#### Work task:
Skipping all pictures, set down the lines of the listing from the first through the one with "لوستر باکارا سایز".

#### Recorded data:
**********
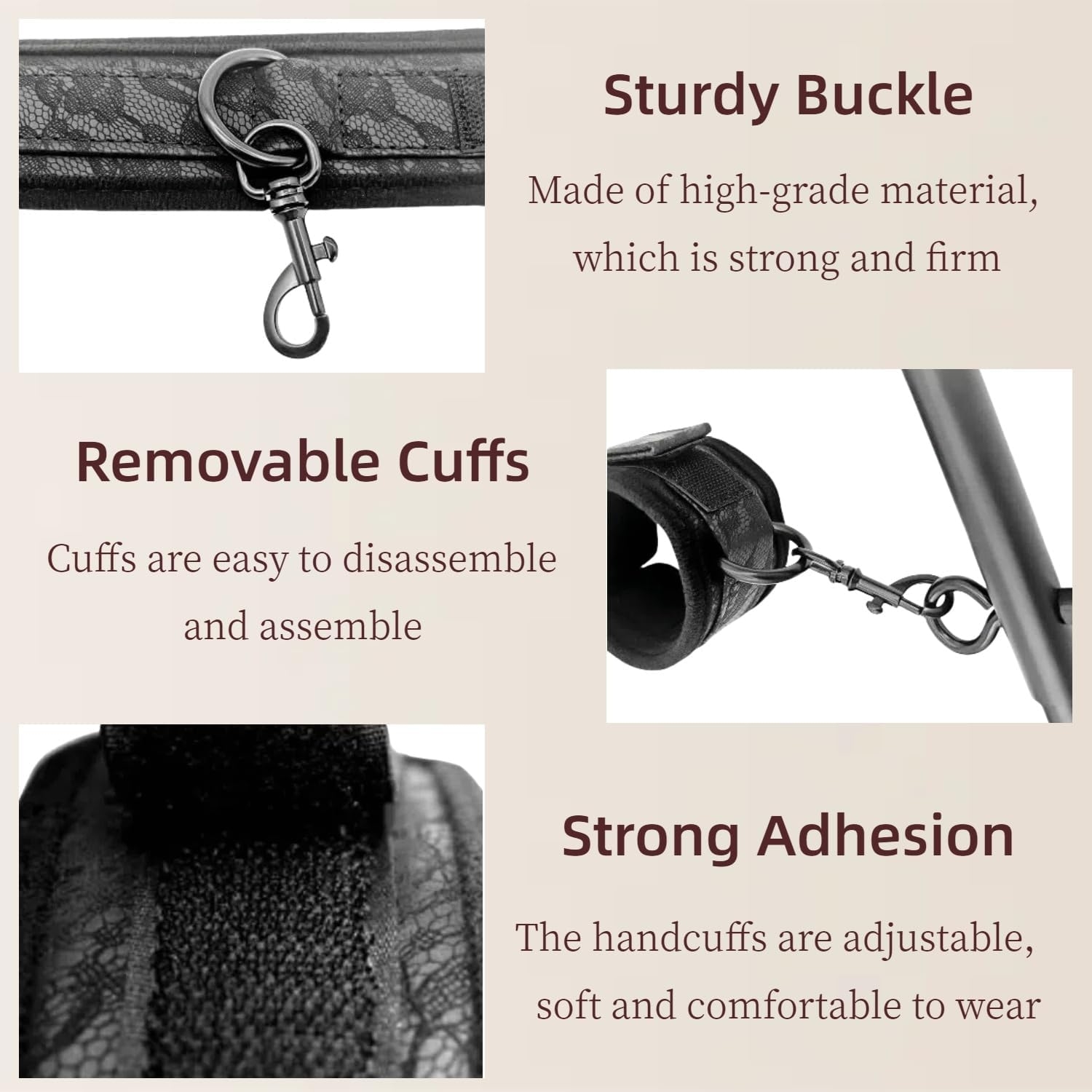 💓Ρυθμιζόμενες Μανσέτες και Κολάρο: Αυτές οι μανσέτες και το κολάρο είναι κατασκευασμένα από νάιλον υλικό, το οποίο είναι μαλακό και άνετο στη χρήση, προσφέροντάς σας μια εξαιρετική εμπειρία παιχνιδιού bondage.
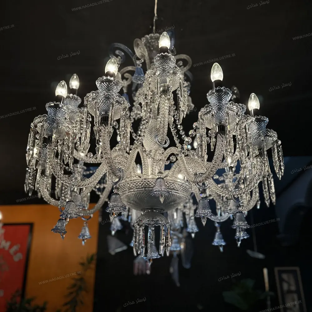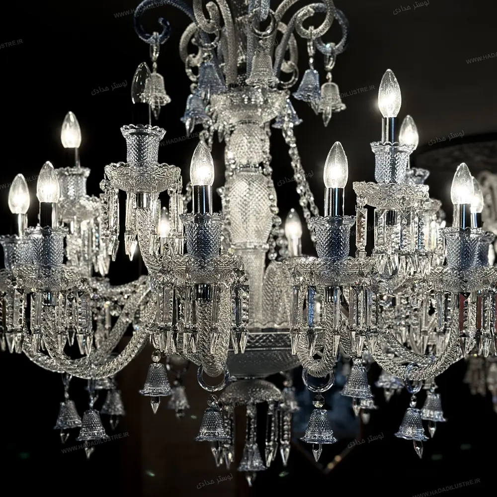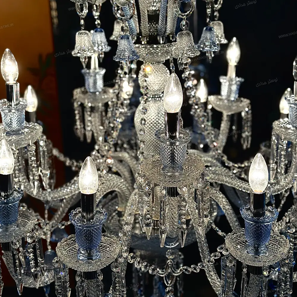 لوستر باکارا سایز 15 شاخه با طراحی منحصر به فرد و ظرافت بینظیر، انتخابی ایدهآل برای افزایش زیبایی و نورپردازی فضاهای بزرگ است.
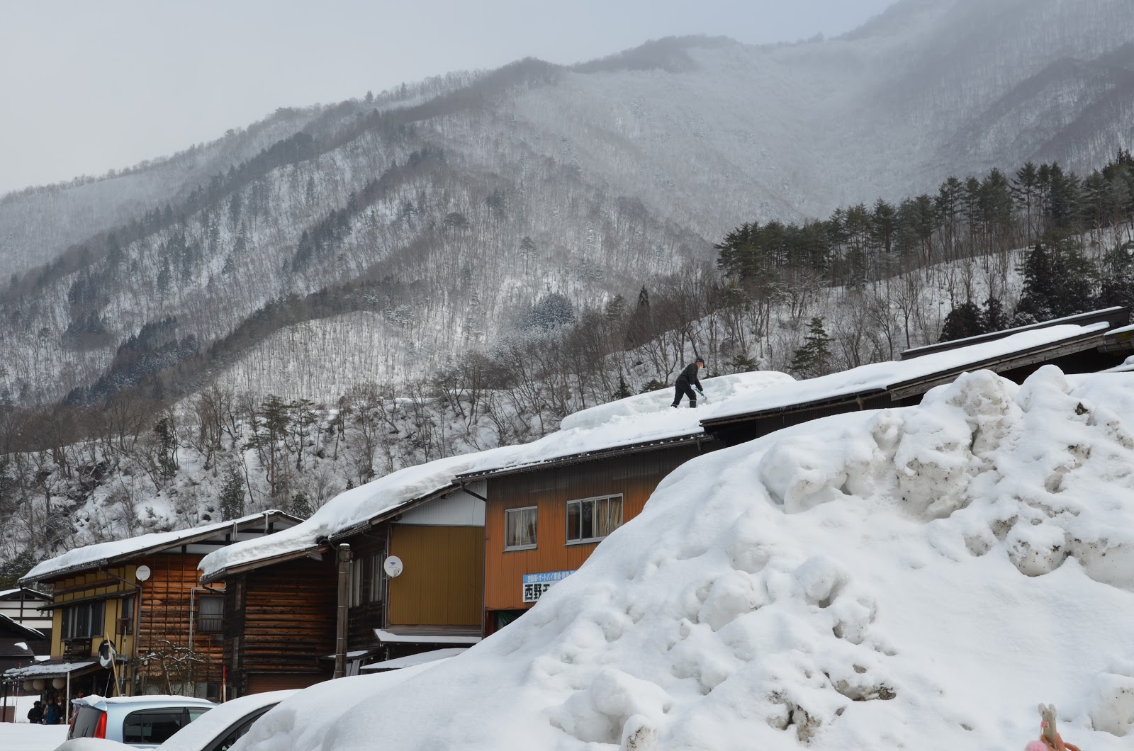 We checked out with heavy hearts and said goodbye to our lovely hosts who had been so accommodating and considerate and we gladly accepted their gift of chopsticks before setting off to find the train station. We got on an early bus to Shirakawa-go and fifty minutes later were stepping on to the snow dusted streets that are home to the famous thatched farmhouses in the gassho-zukuri style. The houses are primarily preserved for tourism but they are also home to around 600 people, some of whom we encountered as we made our way around the working village. Not to harp on but I found the history of these farmhouses particularly interesting – the angled roofs prevent snow accumulation and the name, gassho, means “prayer” in Japanese as they look like hands clasped together in prayer. The attic areas are ideal for silk cultivation and some of the larger houses would have been home to wealthier families with up to 30 people living under one roof. In the olden days (yes, I really did just use that phrase) these houses would have been miles and several days of travelling apart. The art of making gassho style houses is dying out but what remains can be seen in Shirakawa-go.
**********
#### Output below:
 💓Ρυθμιζόμενες Μανσέτες και Κολάρο: Αυτές οι μανσέτες και το κολάρο είναι κατασκευασμένα από νάιλον υλικό, το οποίο είναι μαλακό και άνετο στη χρήση, προσφέροντάς σας μια εξαιρετική εμπειρία παιχνιδιού bondage.
 لوستر باکارا سایز 15 شاخه با طراحی منحصر به فرد و ظرافت بینظیر، انتخابی ایدهآل برای افزایش زیبایی و نورپردازی فضاهای بزرگ است.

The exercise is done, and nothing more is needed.